Второй уровень, средний – стилистический.В нем тоже два подуровня: во-первых, лексика то есть слова, рассматриваемые порознь (и прежде всего – слова в переносных значениях, «тропы»); во-вторых, синтаксис, то есть слова, рассматриваемые в их сочетании и расположении.
Третий уровень, нижний, - фонический, звуковой. Это, во-первых, явления стиха – метрика, ритмика, рифма, строфика; а во-вторых, явления собственно фоники, звукописи – аллитерации, ассонансы».

 

М.Ю. Лермонтов

***

Слышу ли голос твой
Звонкий и ласковый,
Как птичка в клетке,
Сердце запрыгает;

 

Встречу ль глаза твои
Лазурно-глубокие,
Душа им навстречу
Из груди просится,

 

И как-то весело,
И хочется плакать,
И так на шею бы
Тебе я кинулся.

Ученик должен:

– Обнаружить адекватное понимание семантики стихотворения. Это стихотворное посвящение личного, интимного характера. В нем М. Лермонтов высказывает чувство, отличающееся простотой, глубиной и человечностью (оно лишено манерности, игры, подчеркнутой «поэтичности»).
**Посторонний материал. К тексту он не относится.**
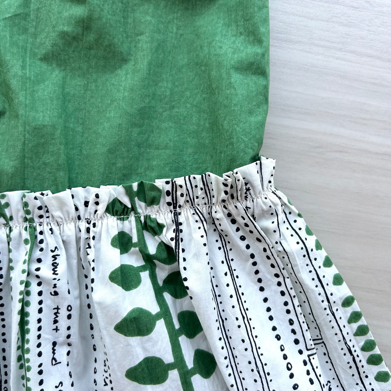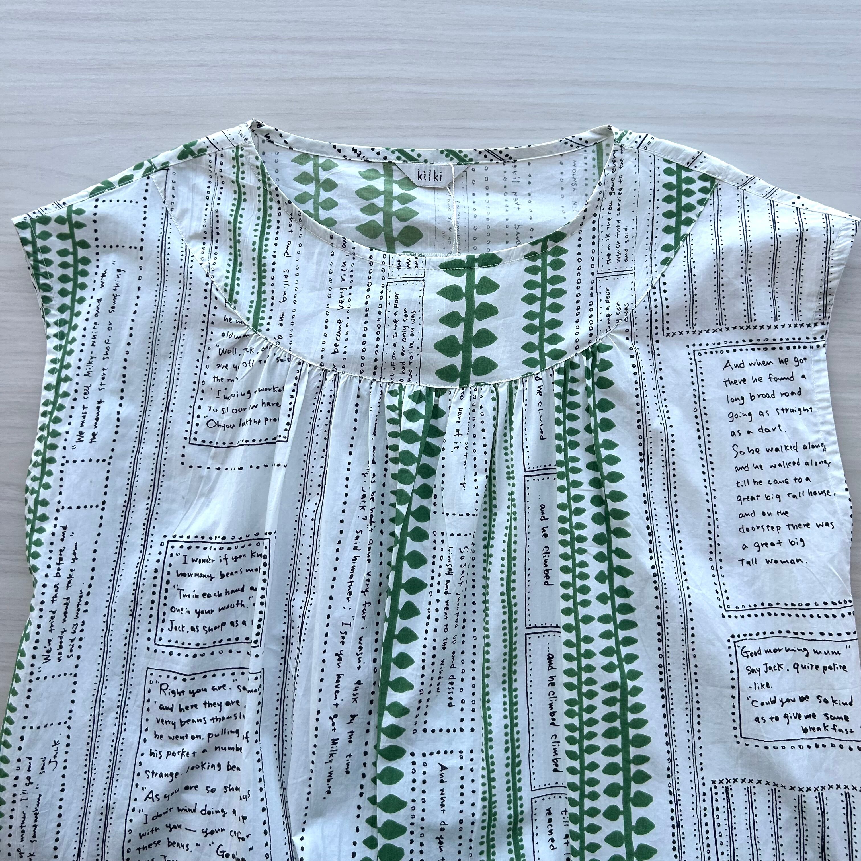 ジャックと豆の木の物語が書かれているテキスタイルです。

– Предложить адекватную и непротиворечивую интерпретацию стихотворения. Автор стремится выразить неподдельность и правдивость своего чувства, поэтому его цель – избежать искусственности, избитых слов, усложненности, добиться впечатления «обычной речи», искреннего признания.
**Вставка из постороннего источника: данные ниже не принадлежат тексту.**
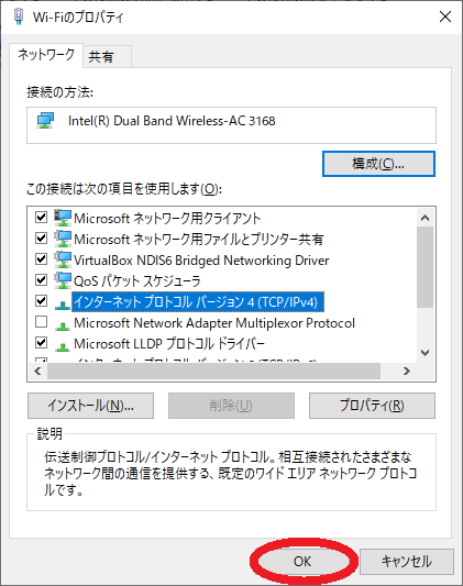 パソコンによっては類似の項目として「インターネットプロトコルバージョン6(TCP/IPv6)」も表示されるのでご注意ください。

– Указать характерные принципы отбора поэтических средств, создающих впечатление «простоты, непосредственности, естественности», как-то:

Незамысловатый характер образов (сравнений, эпитетов, традиционных метафорических оборотов).

Разговорная и нейтральная лексика («как-то весело», «на шею б… кинулся», «птичка», «хочется плакать»), отсутствие «поэтической» лексики.
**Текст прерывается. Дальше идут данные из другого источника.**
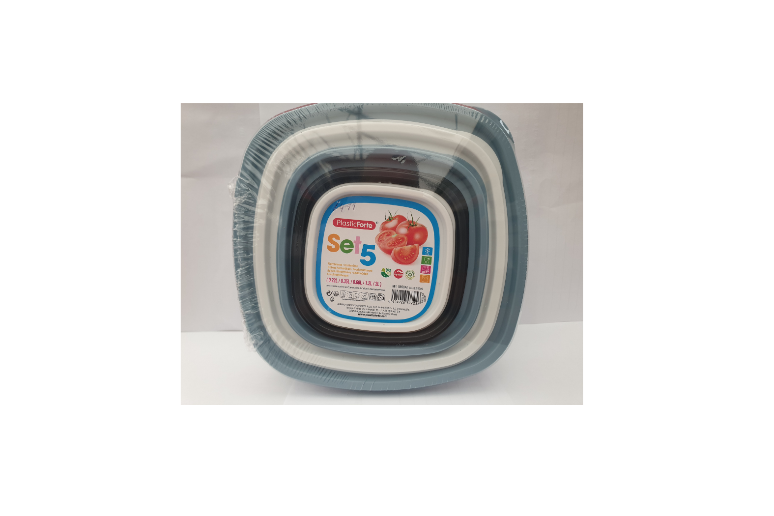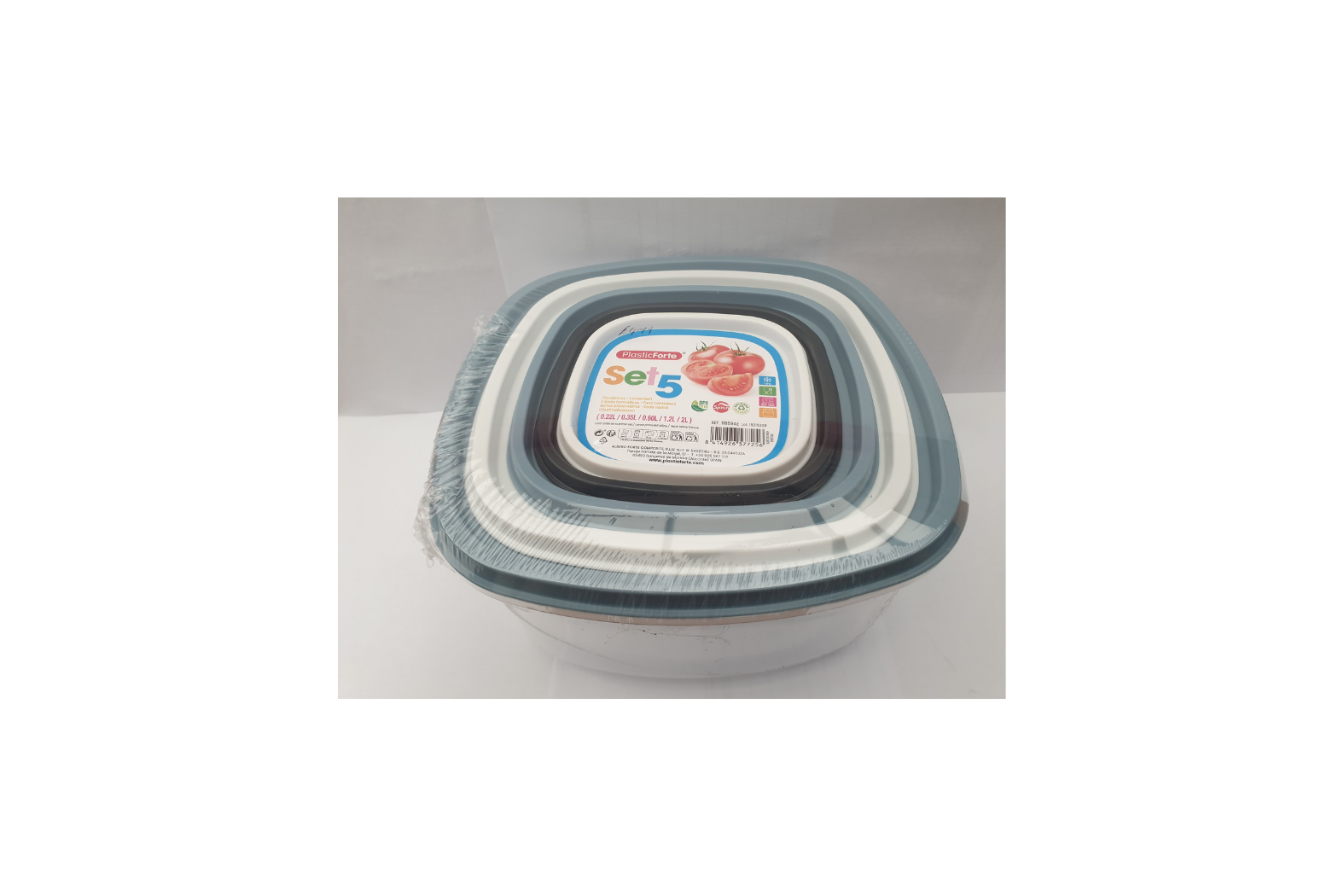 Set of 5 plastic storage containers perfect for packed lunches, storing small items keeping things fresh and items safe 3 different colours blue, white, black.

Средства, напоминающие о народном поэтическом искусстве: синтаксическое подобие (параллелизм) первых двух четверостиший, анафора, характерные обороты с условным наклонением («слышу ли…», «встречу ли…») и др.

Следует отметить отсутствие рифмы («белые стихи»), выбор формы стихотворения с короткими строками.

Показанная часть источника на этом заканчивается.